- Chloé, a-t-il dit, sa voix rauque. Il a enjambé un tas d'ordures, sa méticulosité habituelle envolée. Il a tendu la main vers moi, ses doigts se refermant sur mon bras. Qu'est-ce que tu fais ici ? Rentrons à la maison.
J'ai levé les yeux vers lui, vers les yeux de l'homme qui avait systématiquement détruit ma vie. L'amour que j'avais autrefois ressenti avait disparu, remplacé par une colère froide et dure.
- À la maison ? ai-je demandé, ma voix plate. Tu es satisfait maintenant, Adrien ? C'est ce que tu voulais ? Me voir comme ça ? Brisée et humiliée ?
Sa prise s'est resserrée. Je pouvais sentir la chaleur de sa peau à travers le tissu fin de ma blouse. J'ai rencontré son regard, et pour la première fois, il l'a vu. Le vide. La lumière dans mes yeux, la lumière qui avait toujours brillé pour lui, avait disparu.
Une lueur de panique a traversé son visage.
- De quoi tu parles ? Cette vidéo... Je ne voulais pas qu'elle soit diffusée.
- Je te crois, ai-je dit, et ce qui était étrange, c'est que c'était vrai. Il était cruel, mais il était aussi contrôlant. Il n'aurait pas voulu que nos moments privés soient exposés comme ça. Mais tu aurais pu l'arrêter. Tu es assez puissant pour ça. Tu as laissé faire. Ça faisait partie de la punition, n'est-ce pas ?
J'étais trop fatiguée pour me soucier de ses motivations.
- Tout a toujours été une question de vengeance, n'est-ce pas ? ai-je affirmé, comme un fait, pas une question. Pour ce que tu penses que mon père a fait à ta famille.
Sa mâchoire s'est crispée, mais il n'a pas nié.
- Eh bien, félicitations, Adrien, ai-je dit, un rire amer m'échappant. Tu as gagné. Tu m'as détruite. Tu es heureux maintenant ?
Il n'avait pas l'air heureux. Il avait l'air... confus. Perdu. Le vainqueur triomphant avait l'air de tout sauf ça.

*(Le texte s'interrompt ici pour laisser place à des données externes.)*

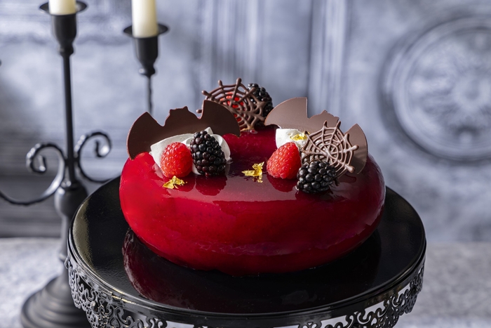 チョコチップ入りのチョコクリームに洋梨をサンドしたショートケーキです。紫芋のクリームでハロウィーンらしい色合いを表現しました。パーティー衣装のようなレースやリボンをデザインした鮮やかな一品です。

- Tu savais ? a-t-il murmuré, sa voix rauque.
- Gisèle a été très complète, ai-je dit. Maintenant, si tu veux bien m'excuser, je dois y aller. Je ne peux pas quitter le pays sans mon passeport et mon visa, et comme tu m'as fait interner, toutes mes affaires sont encore chez toi.
Je l'avais laissé me trouver exprès. C'était un pari désespéré et risqué, mais c'était ma seule issue.
- Je ne sais pas quels mensonges Gisèle t'a racontés sur mon père, ai-je continué, ma voix gagnant en force, mais je sais que c'est un homme bon. Il aimait ta famille. Il t'a recueilli, Adrien. Il t'a élevé, t'a traité comme son propre fils. Il ne leur aurait jamais fait de mal intentionnellement.
Son visage s'est de nouveau durci. La lueur de doute avait disparu, remplacée par le masque familier de la haine.
- Il se sentait coupable, a sifflé Adrien. C'est pour ça qu'il m'a recueilli. Une tentative pathétique d'expier ses péchés.
- Et maintenant, tu vas payer pour ses péchés, a-t-il dit, sa voix baissant jusqu'à un grondement terrifiant. Œil pour œil. Un enfant pour un enfant. Il m'a pris ma famille. Je vais lui faire ressentir la douleur de perdre sa fille unique.
Un frisson m'a parcourue. Je l'avais sous-estimé. J'avais sous-estimé la profondeur de sa haine. Il ne s'agissait pas seulement de m'humilier. Il voulait ma mort.